By Max Sullivan
msullivan@seacoastonline.com
HAMPTON — Leah Rothchild had good grades, a love for sports and a strong family who raised her to avoid any illicit drug use growing up in Stratham. Her parents shared but one drink a year during the holidays, she said.
Her “perfect” middle-class upbringing, she said, did not prevent her from experimenting with drugs during her rebellious teenage years to cope with her depression. What followed was a spiral into heroin addiction she says she was lucky to have survived.
“Substance use disorder is an equal opportunity destroyer,” said Rothchild at a May 9 recovery forum hosted by the Rotary Club. “Today I know that it is a disease.”
The forum held in the Winnacunnet High School auditorium was part of the Rotary Club’s “Recovery with Hope and Dignity” series on current efforts to combat New Hampshire’s addiction crisis, emphasizing the need to view addiction as a health problem.
It featured a panel of experts in recovery like Rothchild, now a recovery coach, as well as law enforcement, medical leaders and Jim and Jeannie Moser, who lost their son Adam to an opioid overdose in 2015. Gov. Chris Sununu appeared to speak at the series’ previous stop in Exeter.
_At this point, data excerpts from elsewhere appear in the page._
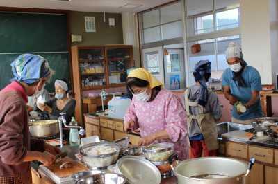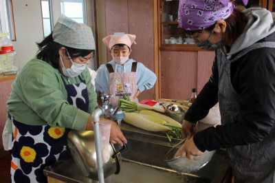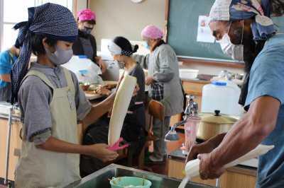 11/12(金)のオープン・スクールで、3~4時間目に全校児童が5つのグループに分かれて体験学習を行いました。料理教室では、学校で収穫したサツマイモを使って「豚汁」と「からいものねったぼ」を作りました。地域の方や保護者の協力を得ながら、美味しい料理ができました。
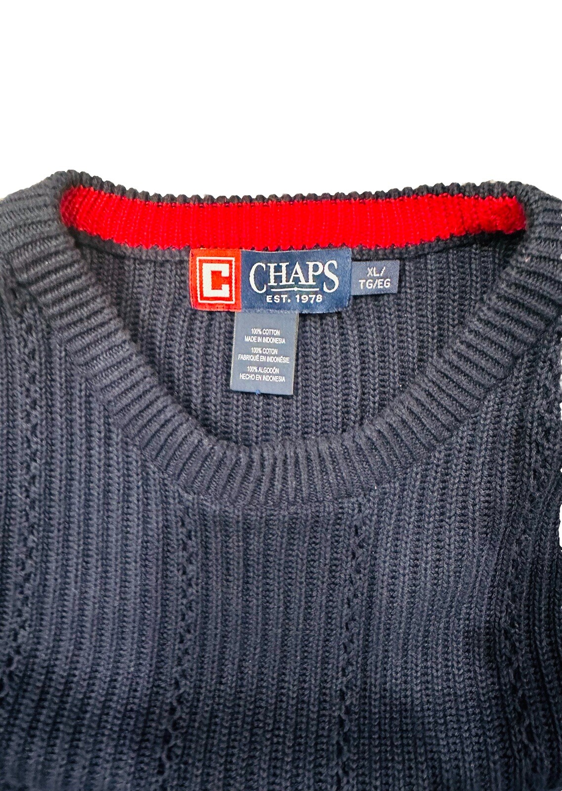 как выглядит CHAPS Polo Heavy Golf Sweater Mens XL Navy Blue Cable Knit Crewneck Pullover фото
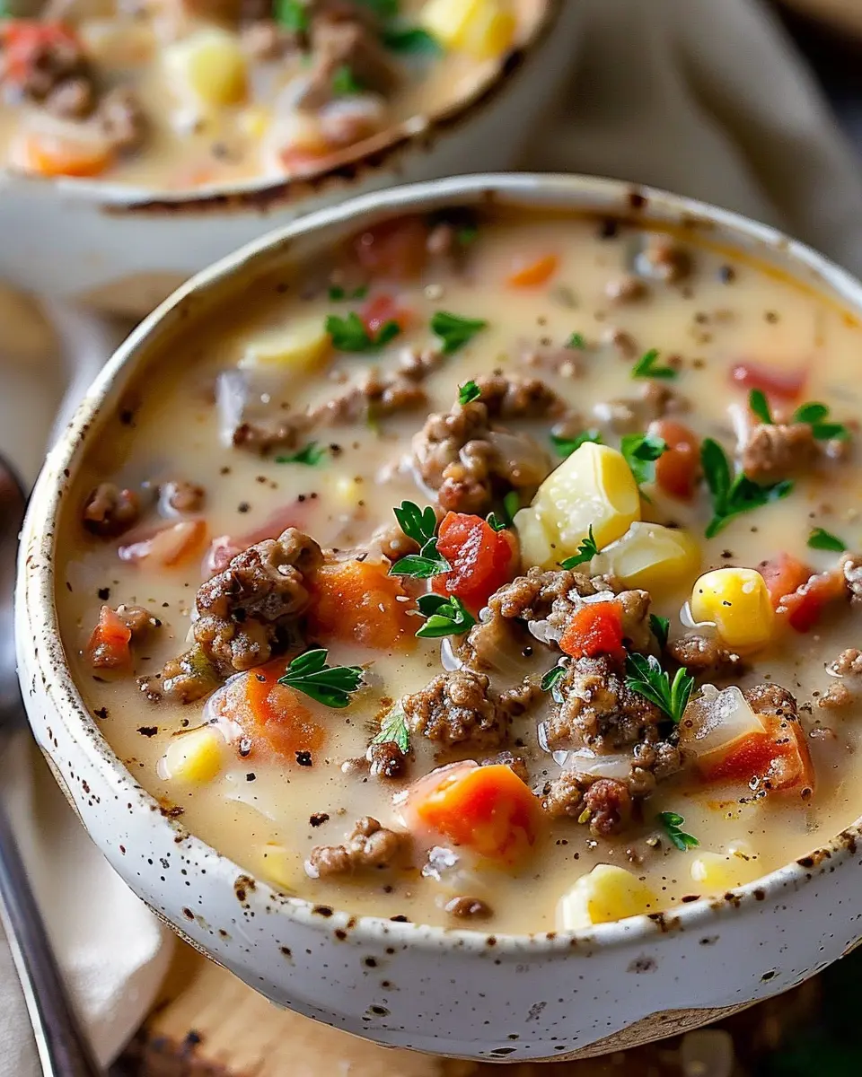 Serve hot, and maybe pair it with some crunchy bread for dipping. Imagine cozying up with a bowl of this delightful cheeseburger soup—it's the ultimate comfort food after a long day!
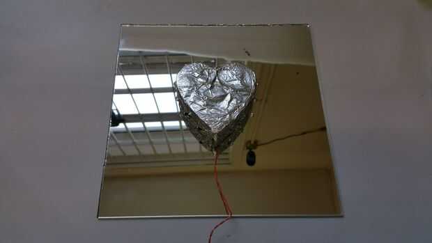 Dentro el corazón coloqué 2 pedazos de poliestireno en el corazón, aseguran que estos sobresalgan ligeramente como se necesite poner alguna cinta de doble cara en estos y pegarlas en el espejo de respaldo.
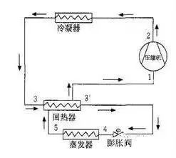 同時(shí)也加熱了回氣管的溫度,避免壓縮機(jī)吸入過潮蒸汽而可能產(chǎn)生液擊。毛細(xì)管節(jié)流的系統(tǒng),毛細(xì)管與回氣管(吸氣管)合并在一起走,有合焊在一起的(大金VRV就是采用的此種方法),有用熱膠套套在一起的,有從回氣管中穿過的,還有纏繞在回氣管上的,也有的將毛細(xì)管或供液管直接在箱體內(nèi)通過。毛細(xì)管與回氣管進(jìn)行熱交換,使節(jié)流前的液態(tài)制冷劑與回氣管道中的低溫制冷劑蒸汽進(jìn)行熱交換冷卻而得到過冷,這樣既可減少回氣管路中可能夾帶的液體液擊壓縮機(jī),同時(shí)又能達(dá)到節(jié)流前液體制冷劑過冷的目的。當(dāng)然還有采用回?zé)崞鞯模硪彩且粯樱垍⒁娤聢D:
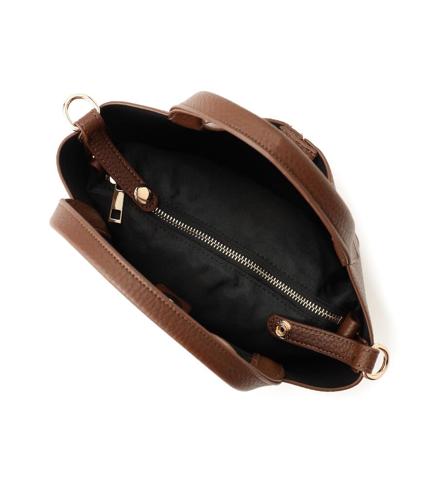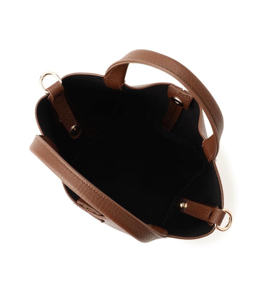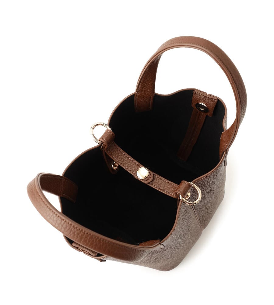 トレンド感のあるフォルムが印象的なハンドバッグ。そのまま使用するのはもちろん、サイドベルトの着脱によって別のフォルムもお楽しみいただけます。ショルダーストラップが付属し、手持ち・肩がけ・斜めがけが可能です。お荷物の整理に便利なバッグインポーチも魅力。アレンジ自在で汎用性抜群の一品です。
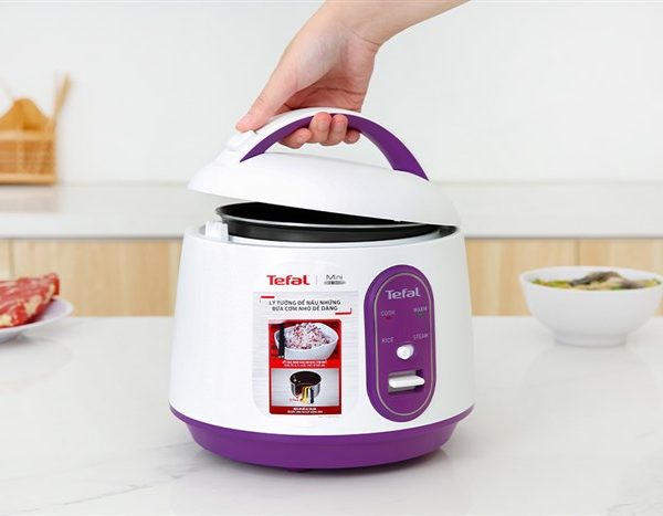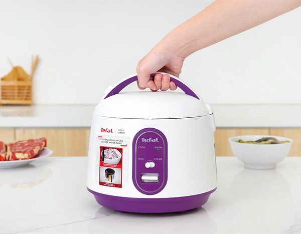 – Nồi cơm điện Tefal sở hữu lớp vỏ ngoài có màu trắng kết hợp tím nhẹ nhàng, thanh lịch nhưng không kém phần nổi bật.

Other panelists included Kennebunk Police Chief Bob MacKenzie, who spoke from the law enforcement perspective of the opioid crisis and how many crimes are committed to feed one’s addiction. He said it was important that jails offer treatment of some kind so people with addiction that are incarcerated are less likely to use as soon as they get out. Time in jail often leads to a lower tolerance, he said, making it likely users will overdose if they use the same amount of heroin they typically do when they are released.
State Rep. Tom Loughman, D-Hampton, talked about legislation he sponsored to require products containing opioids feature warning labels so people are aware they are being treated with addictive drugs. Peter Fifield, manager of substance use disorder services at Wentworth-Douglass Hospital, said options for those seeking recovery have grown significantly in the last several years, pointing to the new hub and spoke model implemented through the Doorway-NH that directs people more easily to resources in the state.
John Burns, director of SOS Recovery Community Center, talked about the services his organization will bring to Hampton when it opens its new recovery center on Route 1. The recovery center will offer non-medical services like peer recovery coaching.
Burns shared his own story of struggling with drugs while growing up in Hampton and recalled moving to Washington, D.C., where he lived on the streets. He said one of the most important goals of the recovery movement is to help remove the stigma that has prevented people with addiction from finding help. He also gave a demonstration on how to use the overdose-reversing drug naloxone, known by the brand name Narcan.
“One of the biggest reasons why people don’t access treatment in the community is because of stigma,” said Burns, who discouraged the use of derogatory labels to describe people with addiction. “We tend to look at them as the lepers of society for having a health condition.”